For those of you with no interest in Facebook rest assured that nothing will change from the way you currently access or use UK-M.

For those of you who do use Facebook, you would have access to the following features:


The ability to connect your UK-Muscle account with your Facebook account so you can log in to UK-Muscle with your Facebook details.


The option to publish new threads, posts, comments or blog entries direct to your Facebook wall.

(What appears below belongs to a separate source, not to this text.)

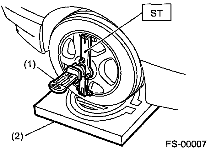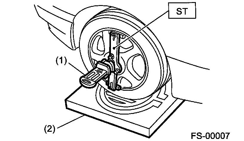 Set the ST into center of wheel, and then install the wheel alignment gauge.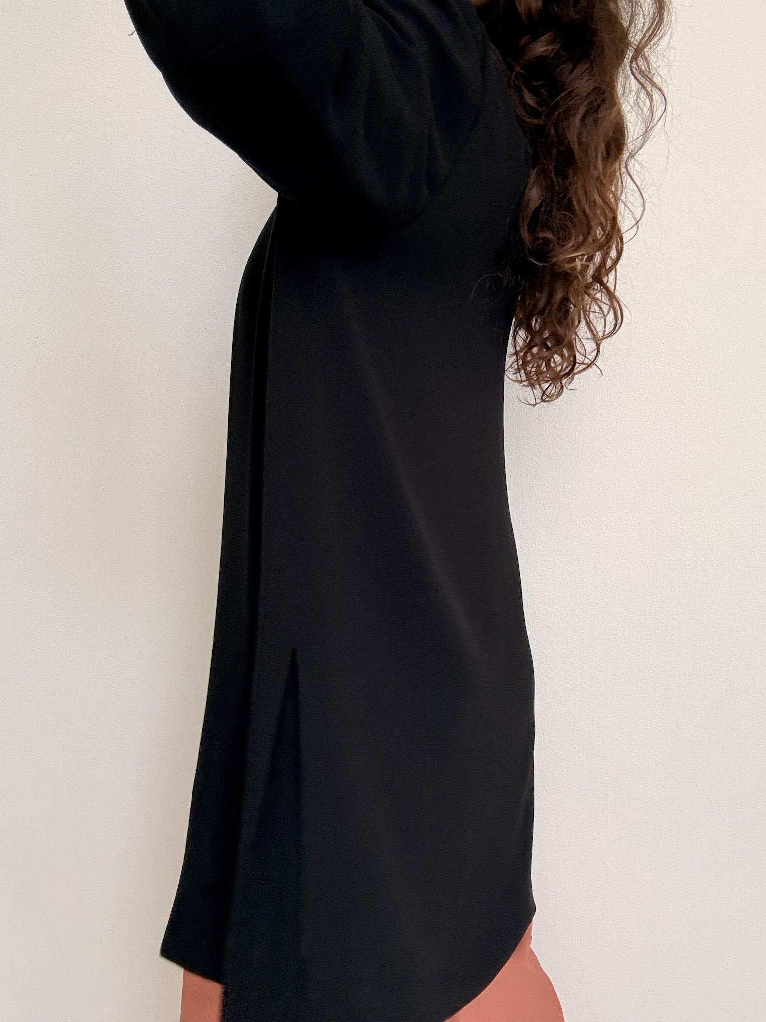 - Special features Long open cut, side slits, minimalist design, Ozoni Genève label

The ability to 'Like' threads so they they appear on your Facebook news feed


The ability to to synchronise profile data between Facebook and UK-Muscle if you wish.

L


----------



## YetiMan1436114545 (Dec 7, 2007)

I voted no. I'm a big facebook wh0re but I like to keep UK-Muscle and facebook separate so to speak.


----------



## PHMG (Jun 15, 2010)

Same as Yeti.


----------



## jw007 (Apr 12, 2007)

A BIG No thanks

Dont want anything I post or have anything to do with FB


----------



## Magic Torch (May 30, 2005)

I vote no because my UK-M persona is different to my FB persona (eg my family and non gym mates are on there too) the links between here and there with things like steriods I wouldn't want my 12 year old god daughter to see.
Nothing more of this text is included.